──────── RECORDS FOR THE TASK

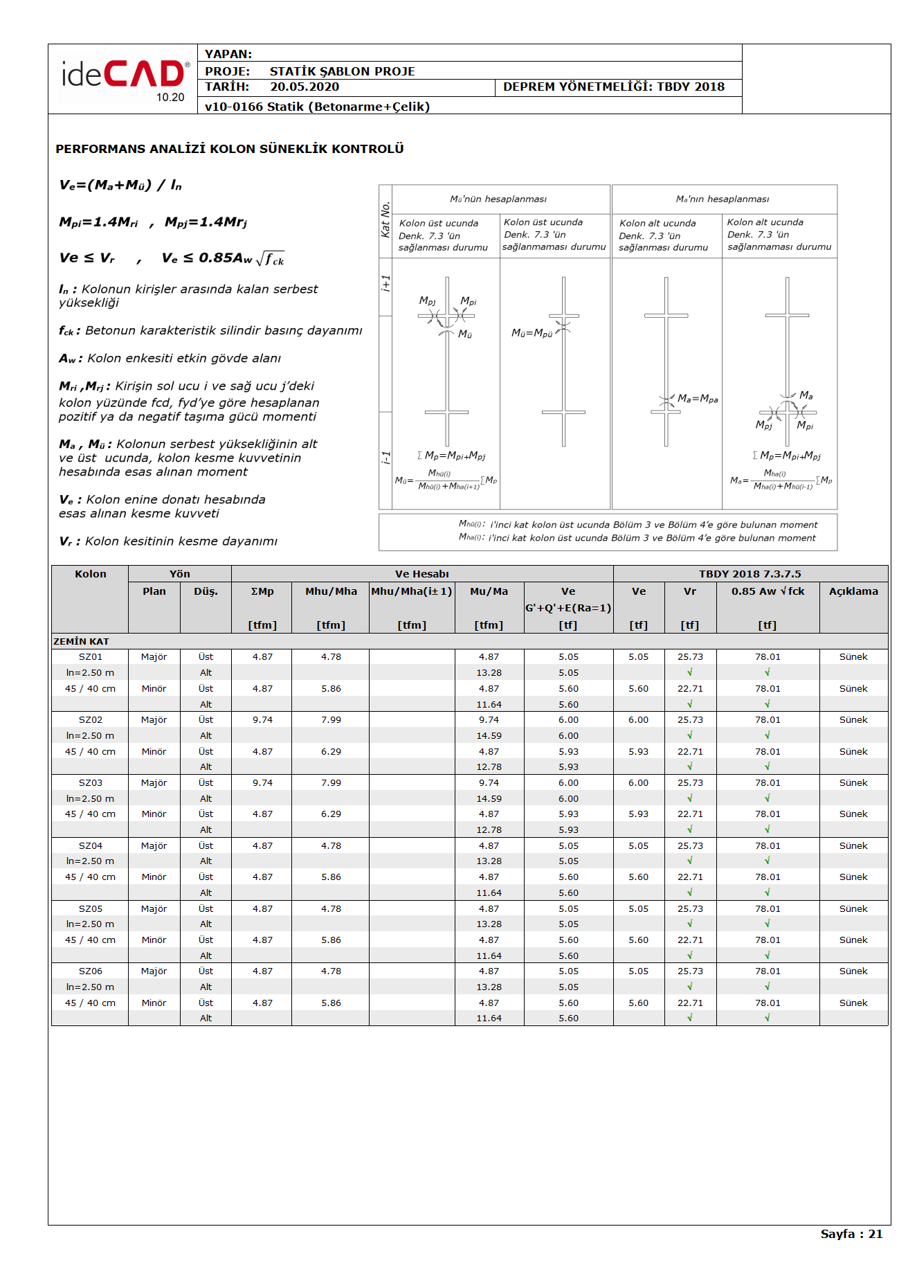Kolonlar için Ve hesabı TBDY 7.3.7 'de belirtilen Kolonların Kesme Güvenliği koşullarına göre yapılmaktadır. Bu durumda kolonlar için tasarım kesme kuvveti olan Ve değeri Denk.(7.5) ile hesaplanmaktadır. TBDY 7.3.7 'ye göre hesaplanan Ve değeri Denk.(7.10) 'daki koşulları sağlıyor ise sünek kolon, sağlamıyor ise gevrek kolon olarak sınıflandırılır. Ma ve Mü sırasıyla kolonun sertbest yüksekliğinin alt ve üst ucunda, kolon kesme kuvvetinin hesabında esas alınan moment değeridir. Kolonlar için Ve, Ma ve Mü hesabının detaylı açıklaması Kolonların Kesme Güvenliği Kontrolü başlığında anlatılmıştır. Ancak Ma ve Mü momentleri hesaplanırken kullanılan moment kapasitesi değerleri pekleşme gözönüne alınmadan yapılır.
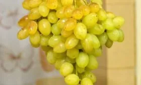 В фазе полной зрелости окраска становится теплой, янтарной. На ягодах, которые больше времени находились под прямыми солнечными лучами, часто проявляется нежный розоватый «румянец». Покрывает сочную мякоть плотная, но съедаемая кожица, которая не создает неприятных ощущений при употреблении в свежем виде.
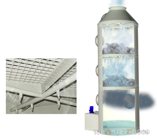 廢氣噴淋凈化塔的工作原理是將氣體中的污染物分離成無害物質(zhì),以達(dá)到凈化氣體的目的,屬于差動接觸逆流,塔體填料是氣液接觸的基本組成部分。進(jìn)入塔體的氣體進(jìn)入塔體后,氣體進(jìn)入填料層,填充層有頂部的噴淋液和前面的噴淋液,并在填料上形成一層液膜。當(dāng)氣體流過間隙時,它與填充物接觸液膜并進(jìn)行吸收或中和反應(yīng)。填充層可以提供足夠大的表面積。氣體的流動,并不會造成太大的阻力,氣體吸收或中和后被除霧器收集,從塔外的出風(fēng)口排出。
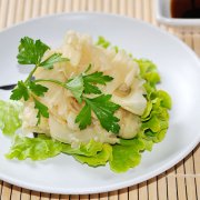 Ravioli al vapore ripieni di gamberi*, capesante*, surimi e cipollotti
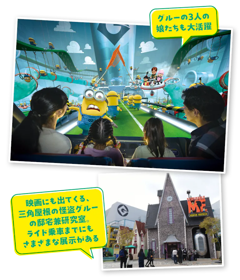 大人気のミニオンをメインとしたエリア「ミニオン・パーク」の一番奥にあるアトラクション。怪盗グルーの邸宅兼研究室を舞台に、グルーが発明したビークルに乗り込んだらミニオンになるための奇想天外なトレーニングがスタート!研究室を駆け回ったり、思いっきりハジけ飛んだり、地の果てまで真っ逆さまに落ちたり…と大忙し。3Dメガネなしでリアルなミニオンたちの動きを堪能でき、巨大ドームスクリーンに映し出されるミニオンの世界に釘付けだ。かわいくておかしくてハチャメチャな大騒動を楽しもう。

────────────────

◆ YOUR ASSIGNMENT: Omit the pictures. Output every record above word for word.

◆ RESPONSE TO THIS TASK:
Kolonlar için Ve hesabı TBDY 7.3.7 'de belirtilen Kolonların Kesme Güvenliği koşullarına göre yapılmaktadır. Bu durumda kolonlar için tasarım kesme kuvveti olan Ve değeri Denk.(7.5) ile hesaplanmaktadır. TBDY 7.3.7 'ye göre hesaplanan Ve değeri Denk.(7.10) 'daki koşulları sağlıyor ise sünek kolon, sağlamıyor ise gevrek kolon olarak sınıflandırılır. Ma ve Mü sırasıyla kolonun sertbest yüksekliğinin alt ve üst ucunda, kolon kesme kuvvetinin hesabında esas alınan moment değeridir. Kolonlar için Ve, Ma ve Mü hesabının detaylı açıklaması Kolonların Kesme Güvenliği Kontrolü başlığında anlatılmıştır. Ancak Ma ve Mü momentleri hesaplanırken kullanılan moment kapasitesi değerleri pekleşme gözönüne alınmadan yapılır.
 В фазе полной зрелости окраска становится теплой, янтарной. На ягодах, которые больше времени находились под прямыми солнечными лучами, часто проявляется нежный розоватый «румянец». Покрывает сочную мякоть плотная, но съедаемая кожица, которая не создает неприятных ощущений при употреблении в свежем виде.
 廢氣噴淋凈化塔的工作原理是將氣體中的污染物分離成無害物質(zhì),以達(dá)到凈化氣體的目的,屬于差動接觸逆流,塔體填料是氣液接觸的基本組成部分。進(jìn)入塔體的氣體進(jìn)入塔體后,氣體進(jìn)入填料層,填充層有頂部的噴淋液和前面的噴淋液,并在填料上形成一層液膜。當(dāng)氣體流過間隙時,它與填充物接觸液膜并進(jìn)行吸收或中和反應(yīng)。填充層可以提供足夠大的表面積。氣體的流動,并不會造成太大的阻力,氣體吸收或中和后被除霧器收集,從塔外的出風(fēng)口排出。
 Ravioli al vapore ripieni di gamberi*, capesante*, surimi e cipollotti
 大人気のミニオンをメインとしたエリア「ミニオン・パーク」の一番奥にあるアトラクション。怪盗グルーの邸宅兼研究室を舞台に、グルーが発明したビークルに乗り込んだらミニオンになるための奇想天外なトレーニングがスタート!研究室を駆け回ったり、思いっきりハジけ飛んだり、地の果てまで真っ逆さまに落ちたり…と大忙し。3Dメガネなしでリアルなミニオンたちの動きを堪能でき、巨大ドームスクリーンに映し出されるミニオンの世界に釘付けだ。かわいくておかしくてハチャメチャな大騒動を楽しもう。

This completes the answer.